MetPX / sarrac

C implementation of (a subset of) Sarracenia (large scale file transfer utility)
GNU General Public License v2.0
4 stars 1 forks source link

post_retry support for mirrorring #171

Open petersilva opened 3 weeks ago

petersilva commented 3 weeks ago

The client has concerns about robustness of the mirroring post generation during broker outages. Currently, I think the user jobs will just hang, trying desperately to publish notices for the broker.

The post_retry logic (actually all retry logic) depends on having one retry list / process. Each instance has a one file per retry queue (download and post being extant currently.) In the context of libsr3shim... this does not make much sense. the processes are typically short-lived, non-daemons.

An alternative to the thousands of .pid files, would be to post to a pipe, or a named pipe, per node... in which case, you need a janitor that reads the named pipe. You end up creating a second IPC network to robustify your IPC network.

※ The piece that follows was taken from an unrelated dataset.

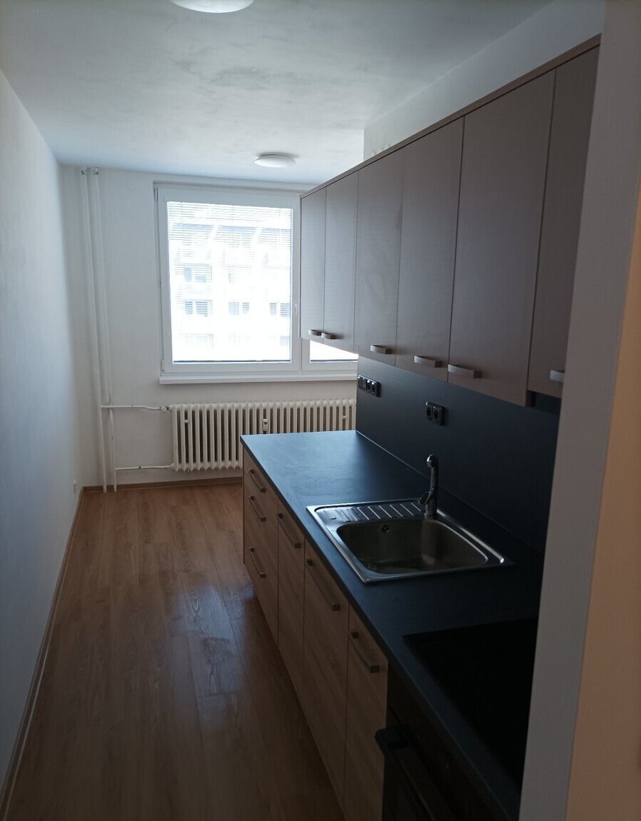 Dispozice: dva neprůchozí pokoje, kuchyně, koupelna, samostatné WC, šatna a balkon. V kuchyni je nová linka s vestavěnými spotřebiči (sklokeramická deska, trouba, digestoř, myčka nádobí).

Taking the simpler option:

This is one suggested implementation.

petersilva commented 3 weeks ago

@reidsunderland @habilinour what I did not have time to explain during the meeting.

petersilva commented 3 weeks ago

avoiding contention is probably harder than that... you need to have hostname and pid combined.. because you might get pid conflicts... I was thinking we could check the proc table to avoid conflict... but would have to check the proc table on all nodes, or run the janitor on all nodes, which feels ridiculously expensive. That's why I was using 1 minute... might need a longer time.

I hope we can just run 1 janitor for the whole cluster. During peak times it falls behind, and catches up later... everything is late anyways... minutes don't matter in this situation.